▸ **Work order**
Beginning with the line containing "in the forest" and ending at the last line of the data, set down every line exactly, leaving out all pictures.

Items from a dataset
○ ○ ○ ○

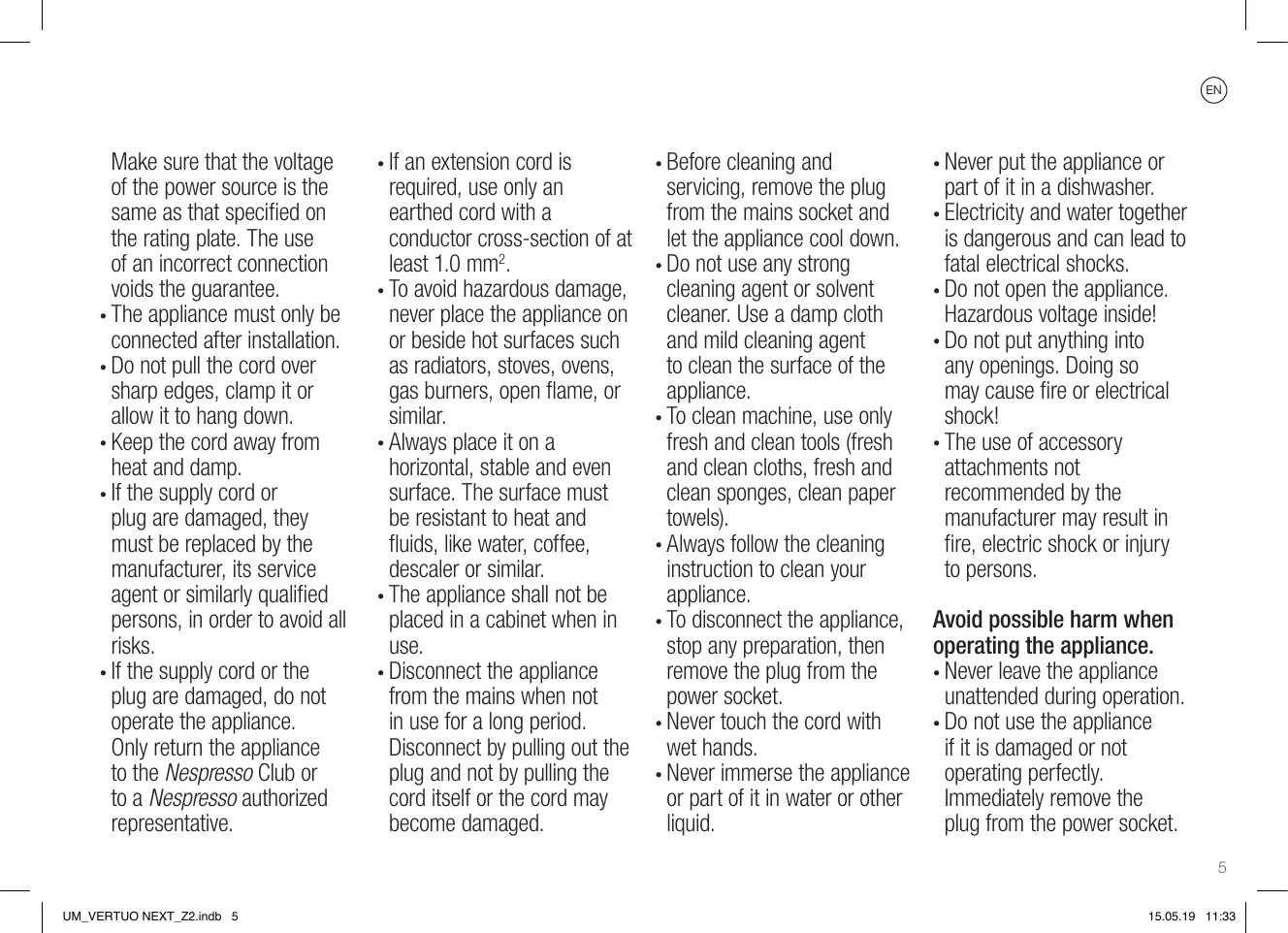 UM_VERTUO NEXT_Z2.indb 8 •• Ne touchez jamais le cordon d’alimentation avec les mains mouillées. •• Ne plongez jamais la machine, en tout ou partie, dans l’eau ou dans d’autres liquides. •• Ne placez jamais la machine ou certains de ses composants au lavevaisselle. •• La présence simultanée d’électricité et d’eau est dangereuse et peut provoquer des décharges électriques mortelles.
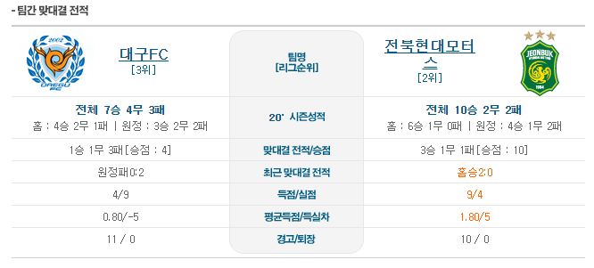 전북은 현재 리그 2위에 위치해 있습니다. 올 시즌 10승 2무 2패로 상당히 좋은 경기력을 보이고 있고 이전 포항을 상대로 2:1로 승리를 가져오면서 4경기 무패를 이어가고 있습니다. 구스타보와 바로우 두 외국인 선수를 영입하면서 효과를 톡톡히 보고 있습니다. 또한 측면의 한교원의 빠른 돌파와 크로스가 활발한 모습을 보였고 상대의 빠른 역습에도 안정감 있는 수비를 보이며 구스타보는 엄청난 피지컬로 상대 수비 진영을 흔들었고 이승기와 김보경까지 완벽한 패스 플레이를 보이고 있는 만큼 현재의 경기력을 그대로 유지하는 것이 가장 중요할 것으로 판단되는 상황입니다. 대구와 이전 맞대결에서 승리를 가져왔지만 대구 역시 상승세를 보이고 있는 만큼 방심해서는 안됩니다. 하지만 상대의 수비 전력을 흔들 수 있는 자원이 충분히 위협적인 모습을 보이고 있기 때문에 이번 경기에서 전북은 승리를 가져올 가능성이 높게 예상됩니다.
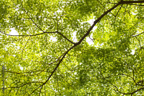 © akeeris, Fototapeta premium maple tree, yellow leaves brighten maple tree in the forest
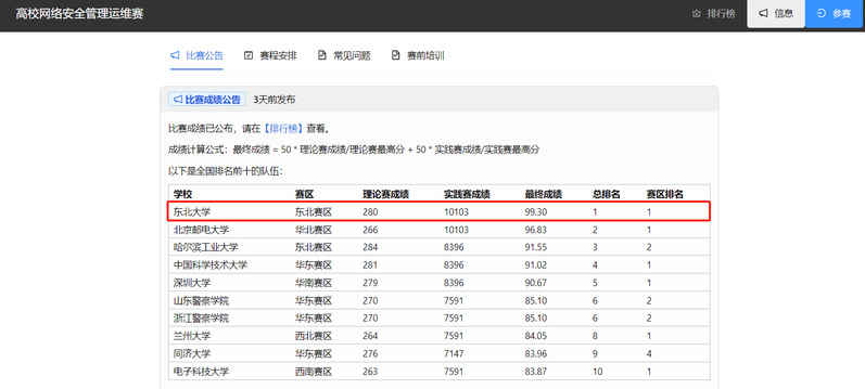 此次比赛体现了我校师生极高的网络安全理论水平与实践能力以及学校在信息安全专业人才培养方面的优秀成果。
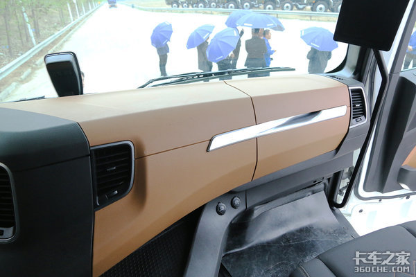 动力方面,我们拍摄的这台车搭载了潍柴430马力发动机,以及法士特和卡特彼勒联合开发的AT变速箱。具体的动力参数以及变速箱型号目前还不知道,这里没有办法给大家展开说。
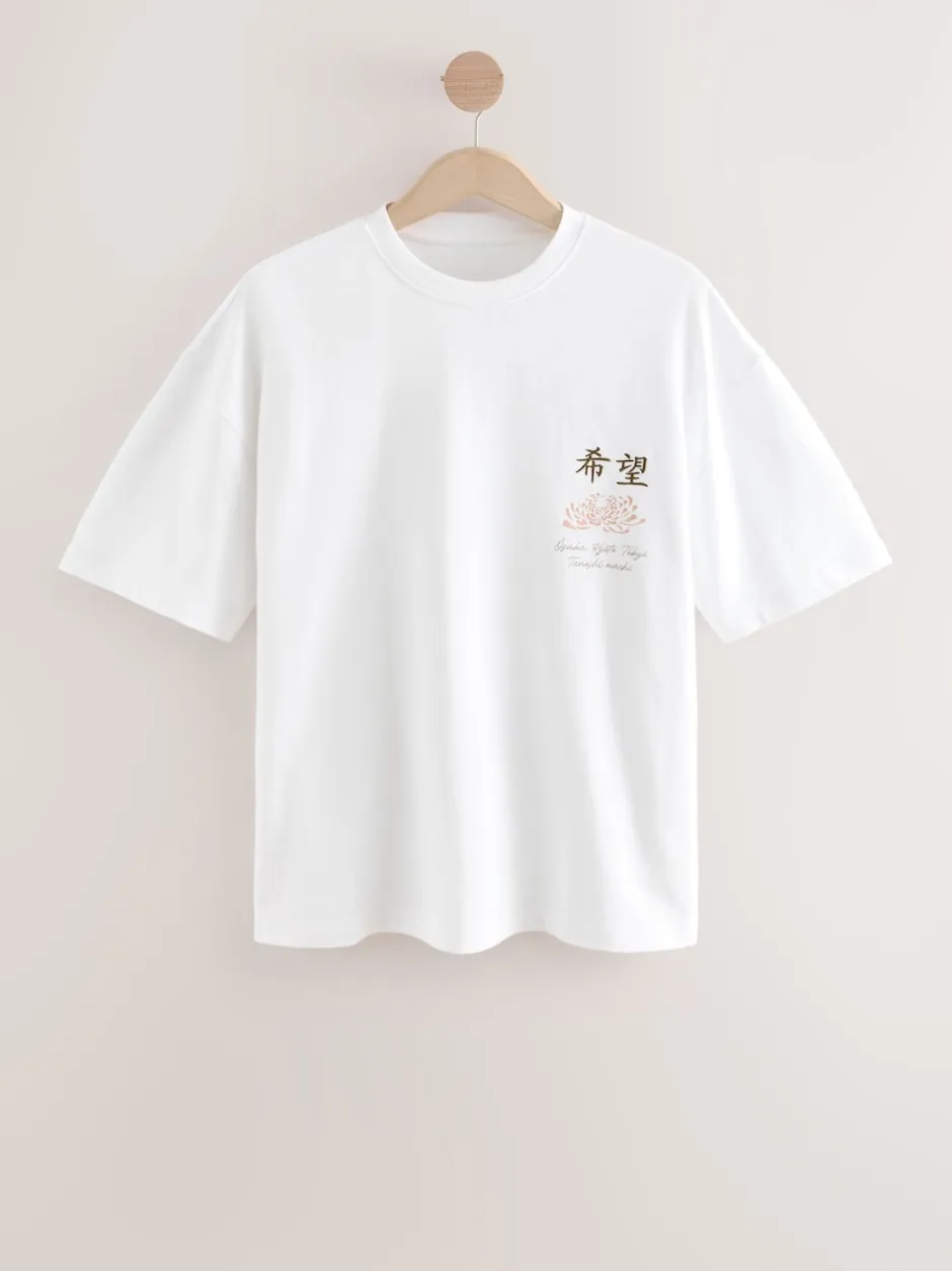 Next – Coupe ample – T-shirt épais à imprimé graphique Blanc Japon Hot
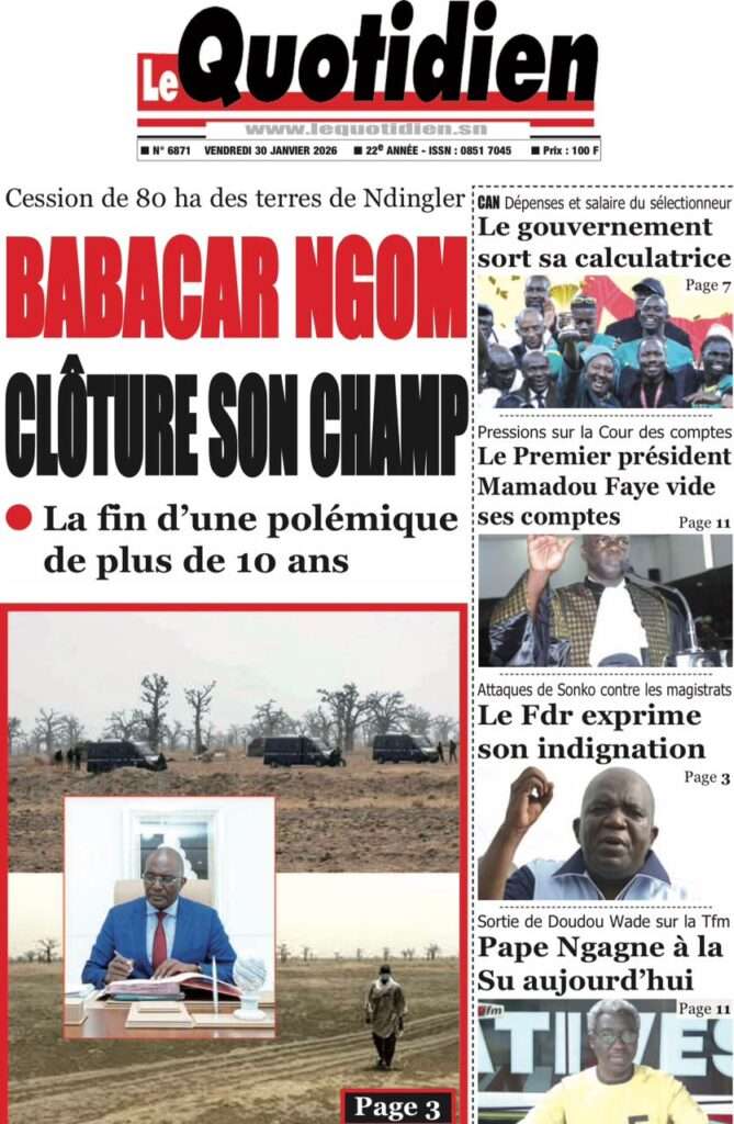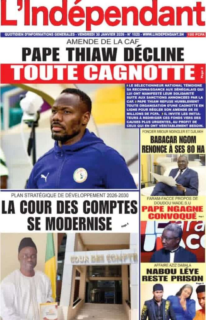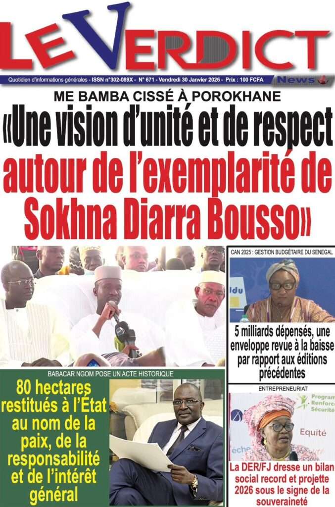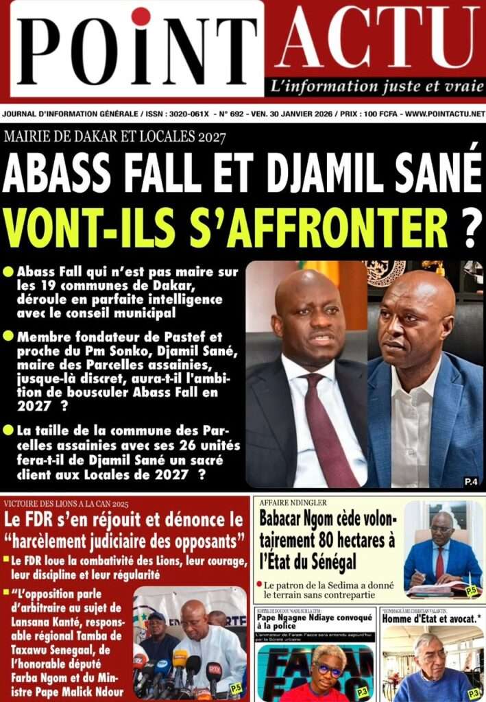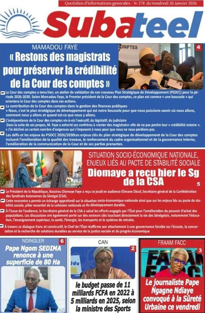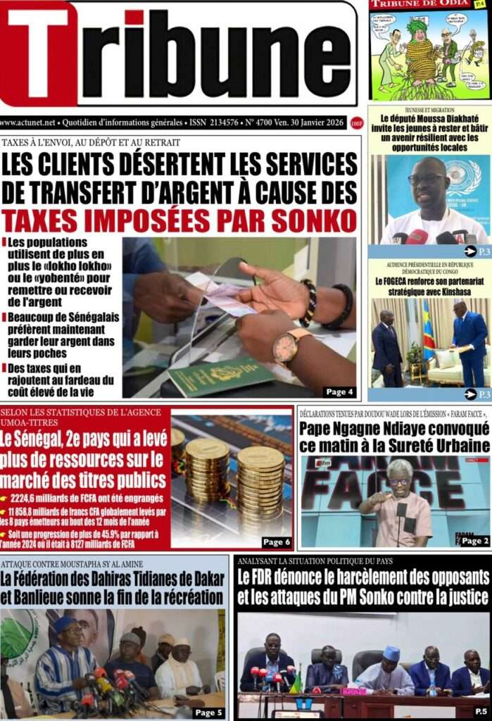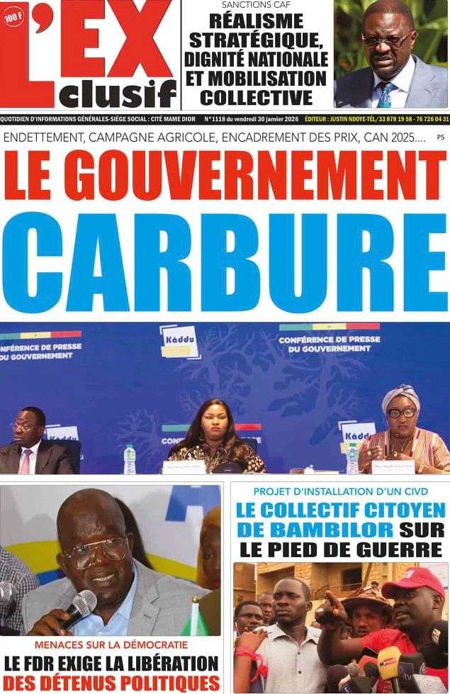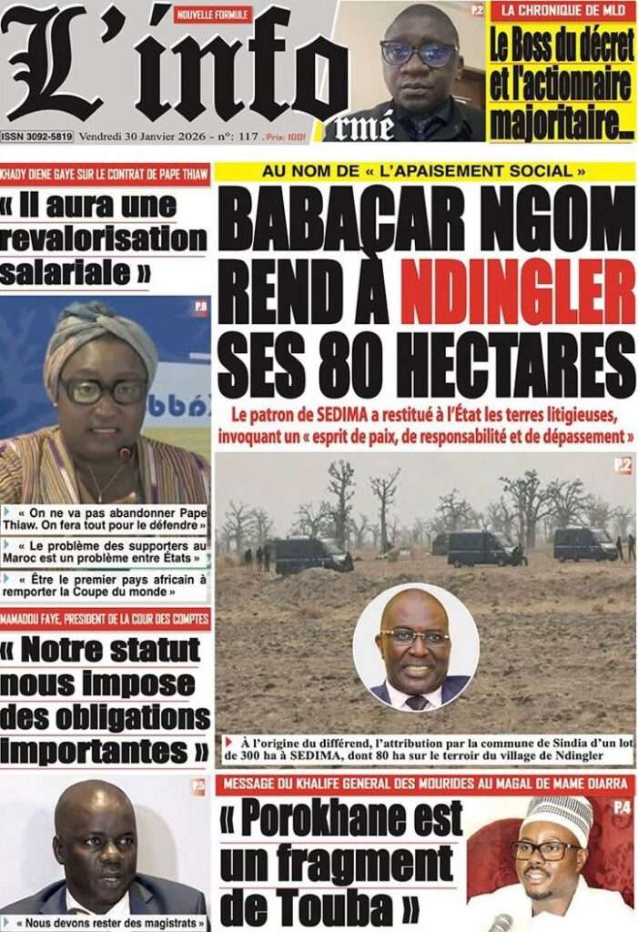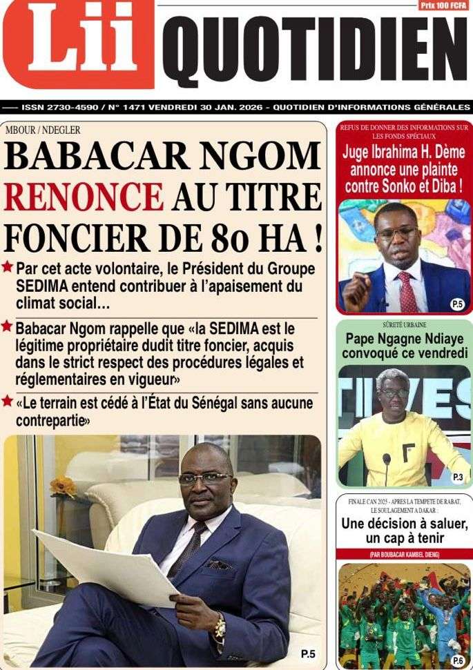 A la Une Actualité La Une Des Quotidiens – Vendredi 30 Janvier 2026 (Avec Ma Revue De Presse) Bour Sine janvier 30, 2026 0 Post navigation Previous: ÉPHÉMÉRIDES DU 29 JANVIERNext: Madiambal Diagne fait l’objet d’une plainte de son fils Mouhamed Diagne More Stories A la Une Actualité Politique Ce que change la nouvelle loi électorale adoptée par les députés Bour Sine avril 28, 2026 0 A la Une Actualité Politique « Ensemble, nous sommes une force »Par Hamidou Thiaw, Président du MPR Bour Sine avril 28, 2026 0 A la Une Actualité Pape Malick Ndour envoyé en prison Bour Sine avril 28, 2026 0 Laisser un commentaire Annuler la réponseVotre adresse e-mail ne sera pas publiée. Les champs obligatoires sont indiqués avec *Commentaire * Nom * E-mail * Site web Enregistrer mon nom, mon e-mail et mon site dans le navigateur pour mon prochain commentaire.

○ ○ ○ ○

▸ **Answer section**
 © akeeris, Fototapeta premium maple tree, yellow leaves brighten maple tree in the forest
 此次比赛体现了我校师生极高的网络安全理论水平与实践能力以及学校在信息安全专业人才培养方面的优秀成果。
 动力方面,我们拍摄的这台车搭载了潍柴430马力发动机,以及法士特和卡特彼勒联合开发的AT变速箱。具体的动力参数以及变速箱型号目前还不知道,这里没有办法给大家展开说。
 Next – Coupe ample – T-shirt épais à imprimé graphique Blanc Japon Hot
 A la Une Actualité La Une Des Quotidiens – Vendredi 30 Janvier 2026 (Avec Ma Revue De Presse) Bour Sine janvier 30, 2026 0 Post navigation Previous: ÉPHÉMÉRIDES DU 29 JANVIERNext: Madiambal Diagne fait l’objet d’une plainte de son fils Mouhamed Diagne More Stories A la Une Actualité Politique Ce que change la nouvelle loi électorale adoptée par les députés Bour Sine avril 28, 2026 0 A la Une Actualité Politique « Ensemble, nous sommes une force »Par Hamidou Thiaw, Président du MPR Bour Sine avril 28, 2026 0 A la Une Actualité Pape Malick Ndour envoyé en prison Bour Sine avril 28, 2026 0 Laisser un commentaire Annuler la réponseVotre adresse e-mail ne sera pas publiée. Les champs obligatoires sont indiqués avec *Commentaire * Nom * E-mail * Site web Enregistrer mon nom, mon e-mail et mon site dans le navigateur pour mon prochain commentaire.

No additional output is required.